*TASK OBJECTIVE*. Look for the line with "Petugas patroli melakukan" in the entries below, then extract that line and all lines after it exactly, with pictures left out.

*PROVIDED ENTRIES*.
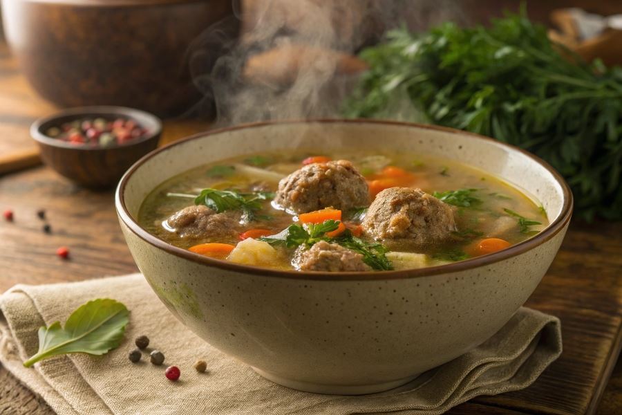 2. Podanie: Umieść ugotowane klopsiki w głębokim talerzu, zalej gorącym bulionem i posyp świeżymi ziołami.
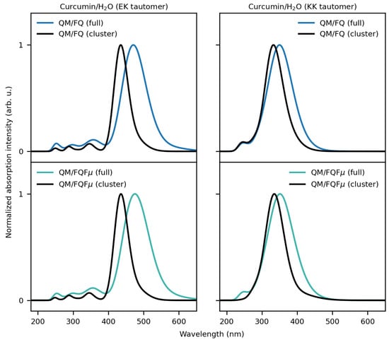As for CYD, solvent effects on curcumin EK and KK spectra are modeled using the polarizable QM/FQ and QM/FQF approaches. QM/MM calculations are performed on 200 uncorrelated snapshots extracted from MD runs. The number of uncorrelated frames guarantees the convergence of the computed spectra (see Figures S17 and S18 in the Supplementary Materials).
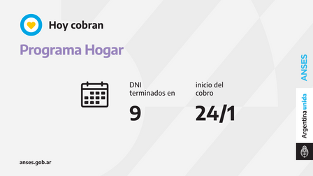 Con la utilización de la tarjeta de débito, hoy, lunes, perciben la Asignación Universal por Hijo y la Asignación Familiar por Hijo titulares con documentos concluidos en 9.
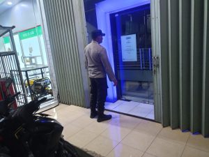Petugas patroli melakukan pemantauan situasi di sekitar lokasi ATM serta memastikan kondisi dalam keadaan aman dan terkendali.
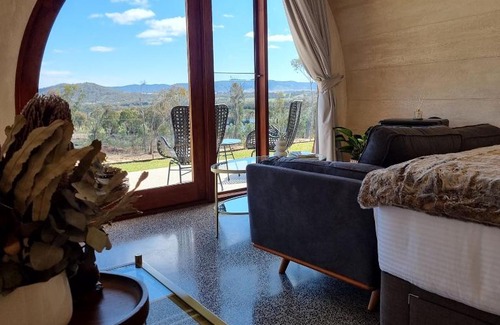 Barrel View Luxury Cabins features air-conditioned accommodations in Ballandean. This chalet offers barbecue facilities. There's a picnic area and guests can make use of free Wifi, free private parking, and an electric vehicle charging station. All units come with a patio with mountain views, a fully equipped kitchenette with a microwave and a toaster, and a private bathroom with shower. A fridge is also available, as well as a coffee machine and a kettle. At the chalet complex, every unit is equipped with bed linen and towels. Guests at the chalet will be able to enjoy activities in and around Ballandean, like hiking.
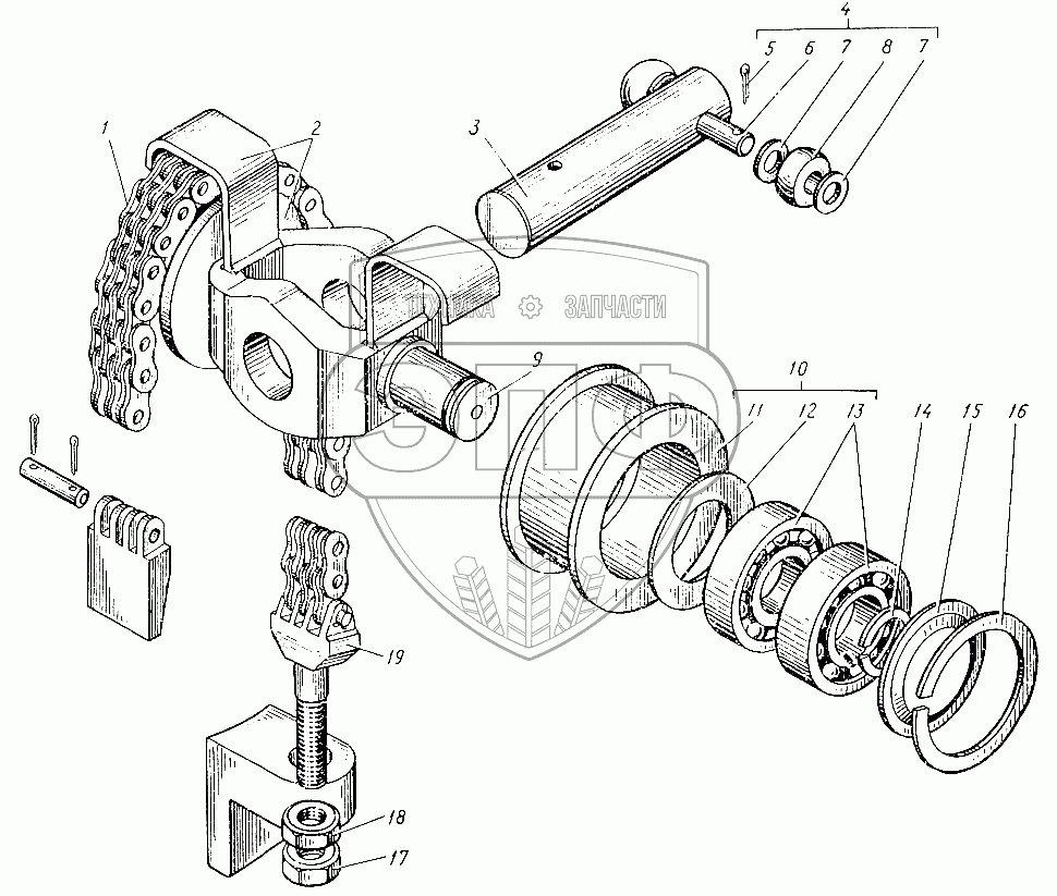 Каталог запасных частей к технике: ЛЗА 4043М. Механизм подъема грузоподъемника погрузчика 4045Р

*OUTPUT BELOW*.
Petugas patroli melakukan pemantauan situasi di sekitar lokasi ATM serta memastikan kondisi dalam keadaan aman dan terkendali.
 Barrel View Luxury Cabins features air-conditioned accommodations in Ballandean. This chalet offers barbecue facilities. There's a picnic area and guests can make use of free Wifi, free private parking, and an electric vehicle charging station. All units come with a patio with mountain views, a fully equipped kitchenette with a microwave and a toaster, and a private bathroom with shower. A fridge is also available, as well as a coffee machine and a kettle. At the chalet complex, every unit is equipped with bed linen and towels. Guests at the chalet will be able to enjoy activities in and around Ballandean, like hiking.
 Каталог запасных частей к технике: ЛЗА 4043М. Механизм подъема грузоподъемника погрузчика 4045Р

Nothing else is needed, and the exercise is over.